As far as the voting track of welfare recipients, sorry, but I personally need more information than going by "the welfare types" that you know. I'm pretty sure a lot of welfare recipients vote conservative because of guns, religion, and because they sure don't like them gays.

I brought up the Bible because plainsman we all know that republicans are the "religious" group (yeah right :roll: ). Look back at your own posts plainsman, you've told us that many times... just like you've also told us that welfare recipients are "the face of liberalism." 

You are right plainsman, you can tell a lot about a person by the way they think. You've got that much right.


----------



## barebackjack (Sep 5, 2006)

R y a n said:


> > South Carolina should decline to accept any federal funds for transportation, education, health care, clean energy or any of the other ideas President Obama is advocating to fix the economy.
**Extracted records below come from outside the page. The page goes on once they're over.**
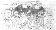 dní po odletu. Z deníku kapitána.Bydlím teď v řídící kabině. U mě jsou nastěhovaní lachtani. Robertsová se byla zase koupat ve skladišti v krajkovém prádélku. Ve středové chodbě jsem potkal karavanu velbloudů. Přepadli je piráti. Nejdřív vyhrávali 10:3, ale nakonec to byla plichta. S jejich kapitánem jsem si začal tykat. Jmenuje se Flint, ale já mu říkám familiárně Jessie. Je to hrozně hodnej a inteligentní kluk, ale žárlím na něj, prtože se s Robertsovou procházel po vyhlídkové chodbě. Měla na sobě jen kožich z ledního medvěda. Jinak je vše při starým. K obědu jsou i nadále fazole a Li-Weng je stále nezvěstný. 1813 dní po odletu. Kapitánův deníček. Dnes jsem obvědval s Flintem a jeho chlapci. Měli jsme fazole se zelím a všem to moc chutnalo. Delikatesa. Až uvidím Li-Wenga, musím mu pochválit, že tak vaří, ale je pořád nezvěstný. Při obědě nás přepadli muži z posádky a unesli Stounovou. Když jsme je pronásledovali, schovali se do skladiště vel-bloudů. Li-Weng se objevil a řekl mi, že k večeři bude lachtaní maso. Na hlavní chodbě jsem potkal kara-vanu ledních medvědů. Přístroje jsou v pořádku a tak jsem změřil hloubku vesmíru. Je to přesně 0,975 m. P.S.: Robertsová si šla zase zaplavat. Měla na sobě bílý bikinky. 1815 dní po odletu. Z deníčku kapitána. Coural jsem se po lodi a uslyšel ze skladiště strašlivý křik. Jat hrůzou jsem vpadl dovnitř. Hrálo se tam hokejové utkání, posádka versus piráti. V přestávce se tam šla koupat Robertsová se Stounovou. Obě bez plavek. Ti, kteří to přežili, jsou na ošetřovně. Ostatní jsme dali do beden ve skladišti. Zima je tam dost velká. Sedím s kapitánem Flintem v řídící kabině, popíjíme jamajskej rum, kterej jsme našli v bednách ve skladišti. Jessie mě naučil několik hezkejch písniček a tak si teď spolu zpíváme a měříme hloubku vesmíru. Zlepšuje se to, už má jen 0,95 m! Li-Weng nám naservíroval Stounovou se zelím. Měla trochu tuhé maso, ale dalo se to jíst. Ještě si rozmyslím, jestli ho dám na hlášení. Robertsová šla ošetřit zbytek mužů. Nepřežil to tentokrát už nikdo a tak je tu s náma a tančí závojový tanec. Ve skladišti hrajou medvědi s velbloudama hokej. Na ukazateli bylo po dvou třetinách skóre 120:3. Chvilku jsem se díval, ale hráli to mizerně. Než jsem se vrátil, Stounová znásilnila Flinta. Robertsová mu dávala umělé dýchání z úst do huby. Musel jsem ho taky dát k ledu. Škoda, byl to takovej fešněj kluk! Stounová a Robertsová šly laškovat s ledníma medvědama a já měřil hloubku vesmíru. Už to bylo jen 0,92 m. Li-Weng slíbil, že k obědu budou velbloudí stejky se zelím. Už se těším! Později. Na chodbě se cicmal hlavní computer s vysílačkou a vůbec jim nevadilo, že kolem prochází kara-vana ovládacích pultů. Asi je dám do hlášení! Li-Weng se vrátil a ptal se mě, jestli bych nechtěl raději medvědí tlapy. Zároveň přišla i Robertsová se Stounovou a sdělily mi, že medvědy musely dát k ledu. Všechny do jednoho! Li-Weng se zabarikádoval v kuchyni, bazén obsadili velbloudi a koupou se v šam-paňském. Vím, že teď jsem na řadě já. zatím měřím hloubku vesmíru. Má 0,9 a tak je všechno v pořádku. | ||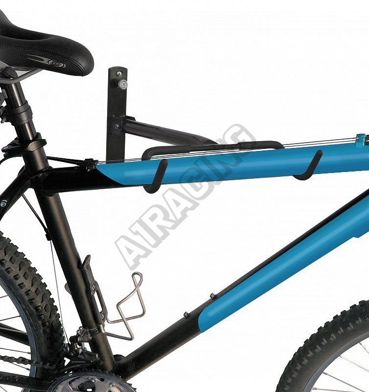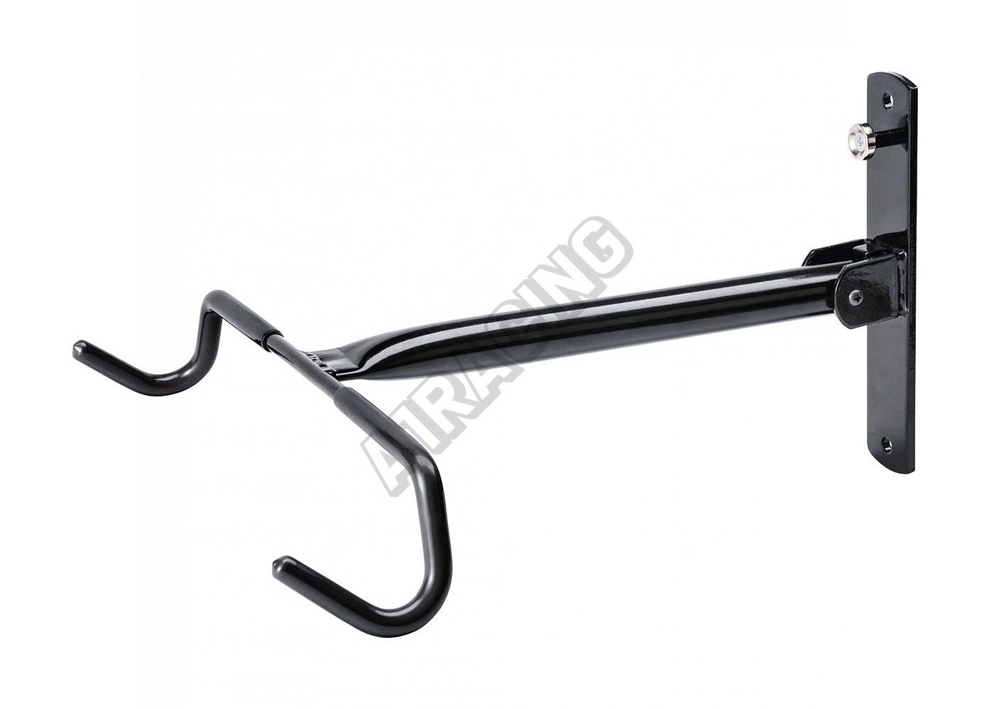Sklápěcí kovový držák jízdního kola určený k montáži na stěnu. Držák je tvarován pro zavěšení za rá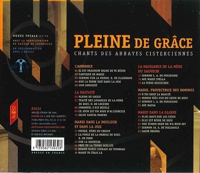 Ce CD vous présente des chants de différentes abbayes cisterciennes en l'honneur de la Vierge Marie, ainsi que de brefs textes des plus grands auteurs cisterciens médiévaux, regroupés autour de cinq thèmes :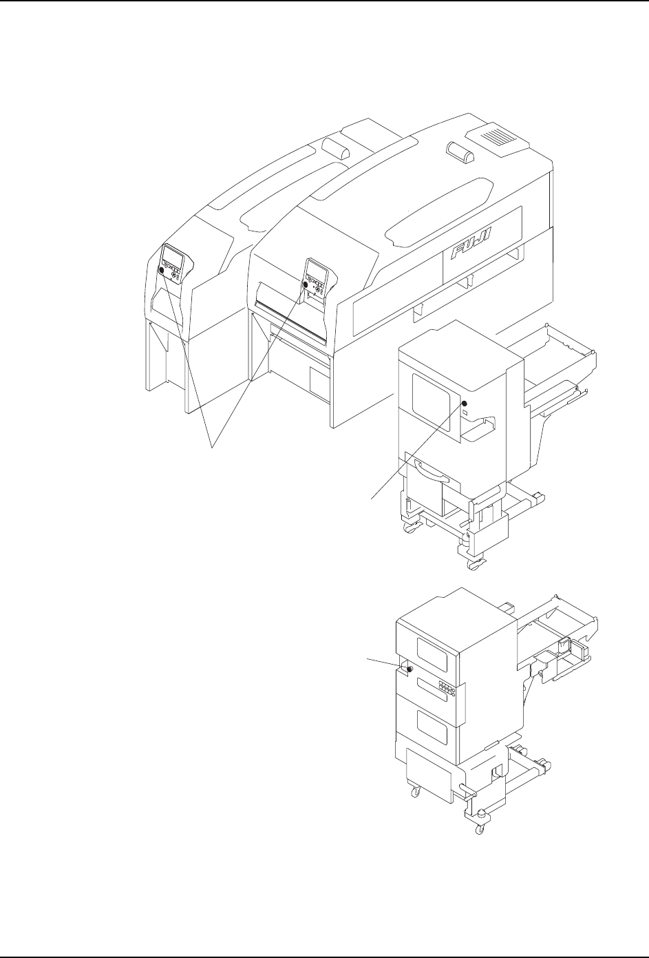 发生紧急情况时,请按下机器上红色的紧急停止按钮停止机器运转。紧急停止按钮的位置请

And the rest of the GOP can follow suit.




I like how the article only uses those paticular parts of the "stimulus bill". You know, the parts that arent terribly far fetched, the parts that may actually do some good.
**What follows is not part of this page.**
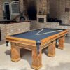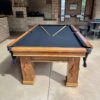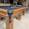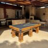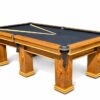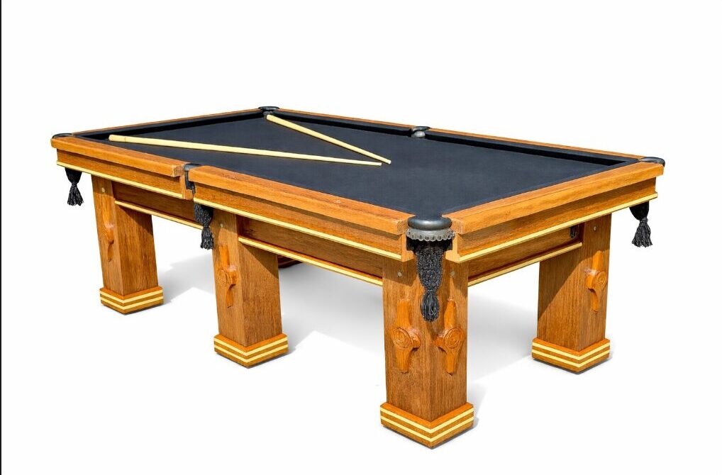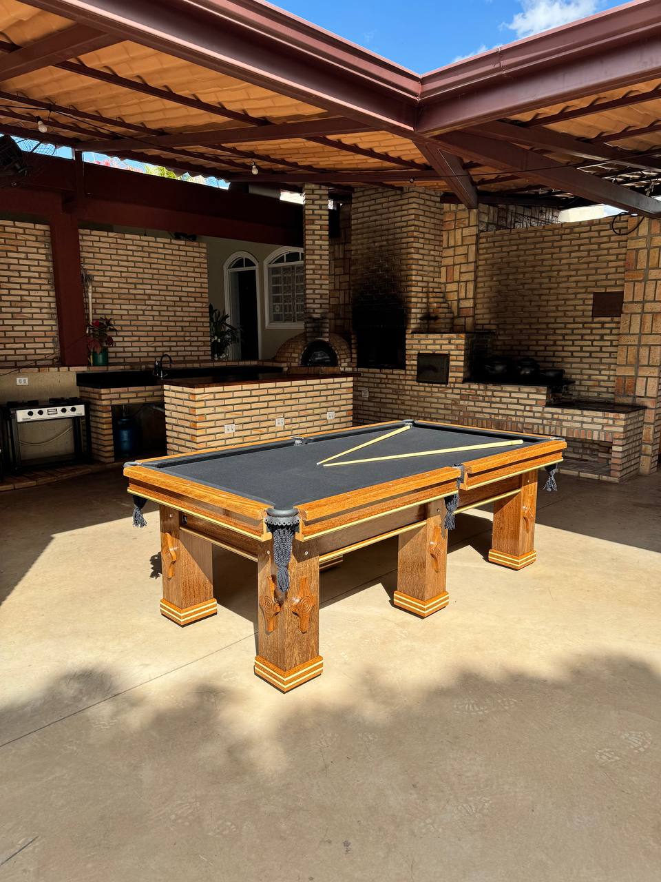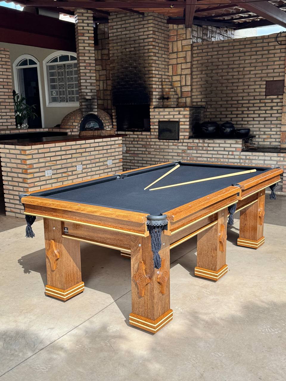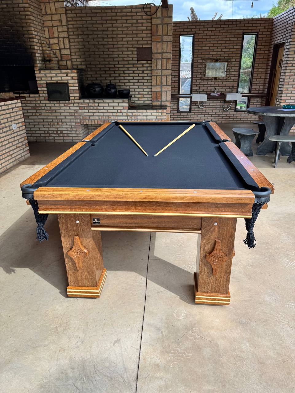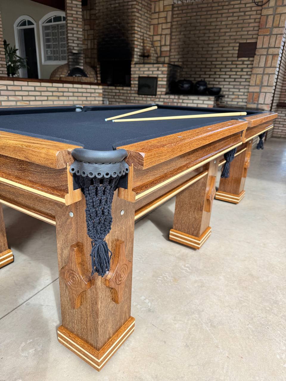 Mesa de Sinuca Modelo Semioficial Super Luxo com pano acrílico verde, 06 pés, tampo em pedra ardósia, estrutura revestida em compensado de Sucupira com tabelas e acabamentos em madeira maciça sucupira e pés niveladores em alumínio.

I notice their not suggesting states turn down the endless crap and pork that this bill contains. But rather, the few good parts of the bill. Interesting indeed.

Just an observation about the "impartial" media.


----------



## Plainsman (Jul 30, 2003)

> I brought up the Bible because plainsman we all know that republicans are the "religious" group (yeah right ). Look back at your own posts plainsman, you've told us that many times... just like you've also told us that welfare recipients are "the face of liberalism."


OK, so you did bring it up just because I like it. Yes, I have said that many times. I say it because it's always the liberals that confuse the separation of church and state. Many think it's in the constitution which it is not. That however is not the biggest problem. The big problem is they think it means religion should not influence government when the intent was that government could not influence religion.

As far as welfare and liberals. I think more of the welfare people are liberal. If they are on welfare they vote liberal because they know they have a better chance of staying on welfare, and getting more from welfare. Liberalism creates welfare or welfare creates liberalism is sort of like the question which came first the chicken or the egg.

Getting back to the subject, what do you think of these little boys with the nickels that don't want the kids that paid for most of the candy to have any? Do you think they are clever, or selfish little brats?


----------



## seabass (Sep 26, 2002)

Okay, I'll bite:


> This is like six little boys pooling their money for candy. One has a dollar, one has .75, another has .50, and three have a nickel. They vote for Hershey or Tootsie rolls. They guy with .50 and the three guys with a nickel all vote for Tootsie rolls. These "geniuses" with the nickels then decide that because the guy with a dollar and the one with .75 didn't want Tootsie rolls that they shouldn't get any candy.


Your analogy doesn't pertain to the situation at hand. The three little boys voted against having any candy at all. So, why should they get any?

In any case, all I said is that it was a "clever" article. My point in posting at all is that this may all turn into a self-fulfilling prophecy because our elected officials in Washington will not work together. and I believe the republicans are mostly at fault for this.


----------



## Plainsman (Jul 30, 2003)

> In any case, all I said is that it was a "clever" article. My point in posting at all is that this may all turn into a self-fulfilling prophecy because our elected officials in Washington will not work together. and I believe the republicans are mostly at fault for this.


Actually Bush reached across the isle many times only to have his face slapped.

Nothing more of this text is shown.